Contact: HHS Press Office (202)690-6343

HHS MOVES TO IMPROVE THE SAFETY OF THE U.S. BLOOD

SUPPLY

Background: In July 1993, HHS Secretary Donna E. Shalala asked that

the Institute of Medicine of the National Academy of

Sciences conduct a thorough study of events during the early 1980s

surrounding the use of blood and blood products for

transfusion and for treatment of person with hemophilia. The study was

ordered to examine decision-making regarding the

nation's blood supply during a period of scientific uncertainty.

Issued July 13, 1995, it looked especially at the period before

the cause of AIDS or its manner of transmission were established, and

before HIV blood tests were available.

During the early 1980s, HIV was transmitted through blood products to

more than half of the 16,000 hemophiliacs in the U.S.

Since approval of the HIV blood test in 1985, the risk of transmission

through blood has been greatly diminished. For blood

transfusion, the per-unit risk of HIV infection has decreased from 1

in 2,500 in 1985 to a current estimate of 1 in 680,000

today. For plasma derivatives in particular, including anti-hemophilic

products, no known cases of HIV transmission have

occurred since 1987.

The purpose of the IOM study was to provide guidance on policy

development in future efforts to protect the blood supply,

especially in the face of significant gaps in medical knowledge and

during times of a high degree of public concern about the

blood supply. The study found that the nation's public health system

failed to perform as well as it could have during this

period. Government and non-government organizations missed

opportunities to limit the spread of AIDS, the IOM found. The

report concluded that " no person or agency was able to coordinate all

of the organizations sharing the public health

responsibility for achieving a safe blood supply. "
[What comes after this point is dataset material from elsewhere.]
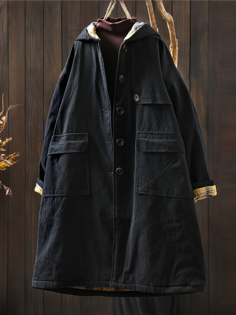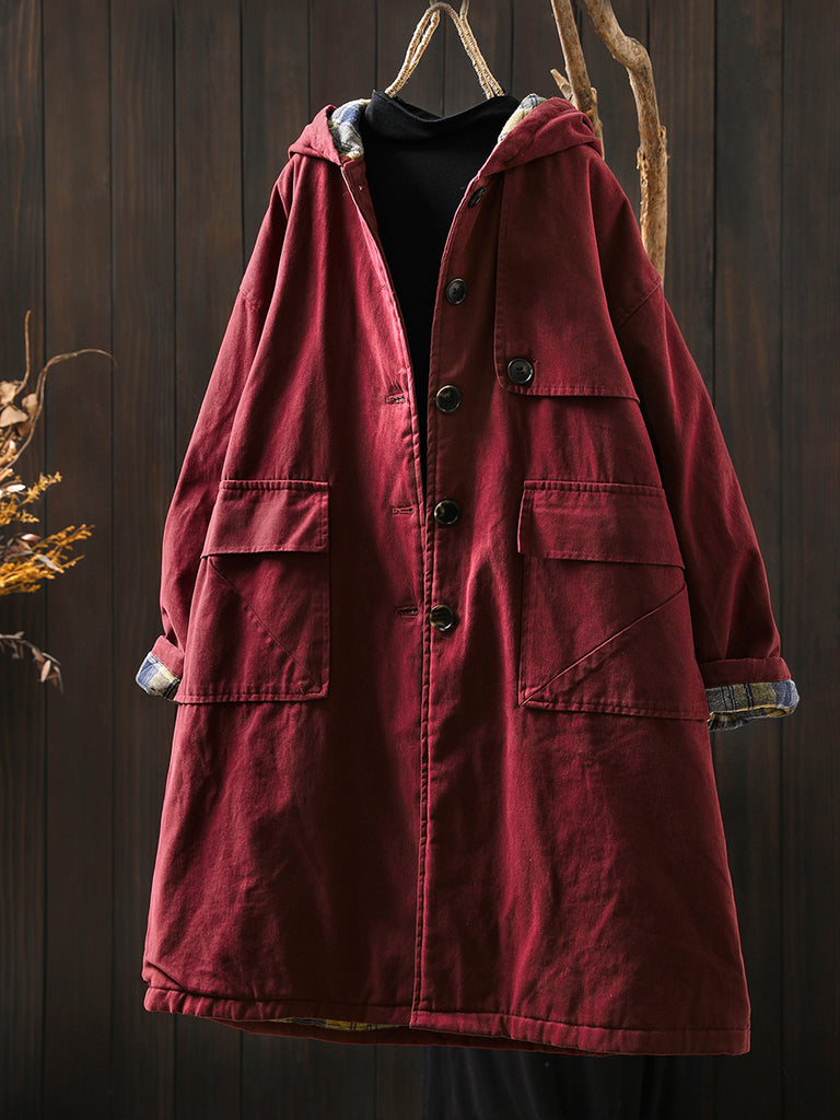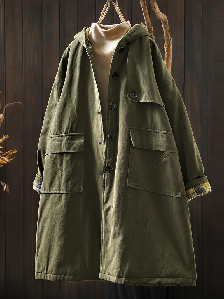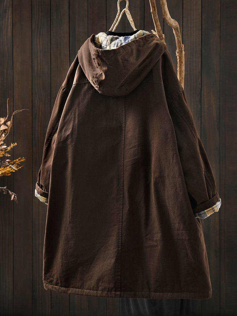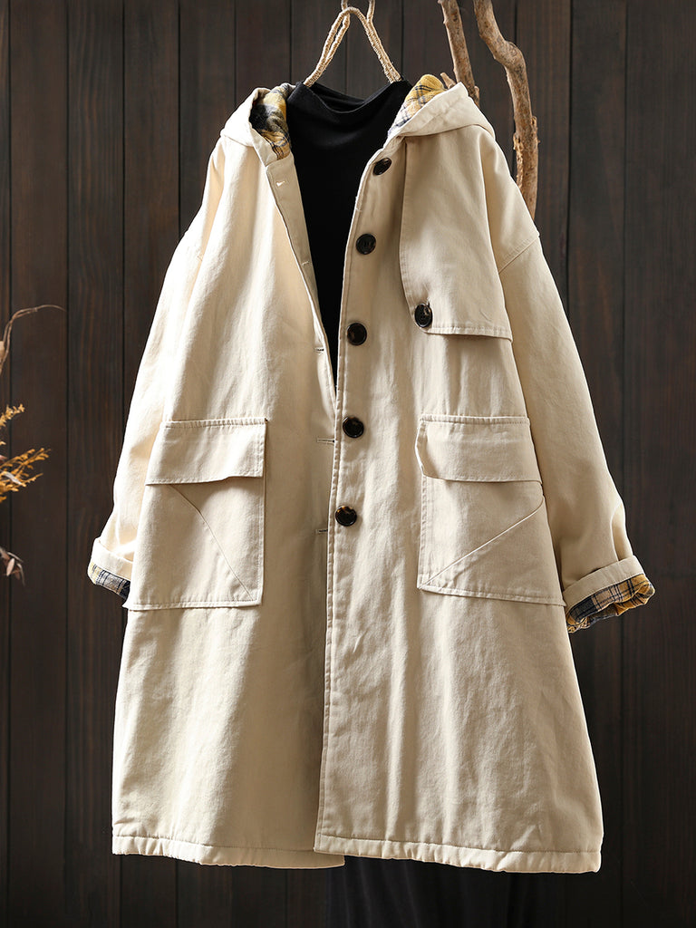 Abrigo con capucha de algodón de color puro vintage de otoño para mujer

The report made 14 recommendations. For federal agencies, the findings

touched on four general areas: leadership across the

blood safety system, the public health advisory process, the need for

independent sources of key data, and the need to plan as

much as possible for dealing with unknowns in protecting the blood

supply. On Oct. 12, 1995, Secretary Shalala outlined

further steps that HHS will take to protect blood safety. The steps

are responsive to recommendations made in the Institute of

Medicine study. They include designation of the Assistant Secretary

for Health to serve as Blood Safety Director for HHS,

and creation of a Blood Safety Committee in the Department.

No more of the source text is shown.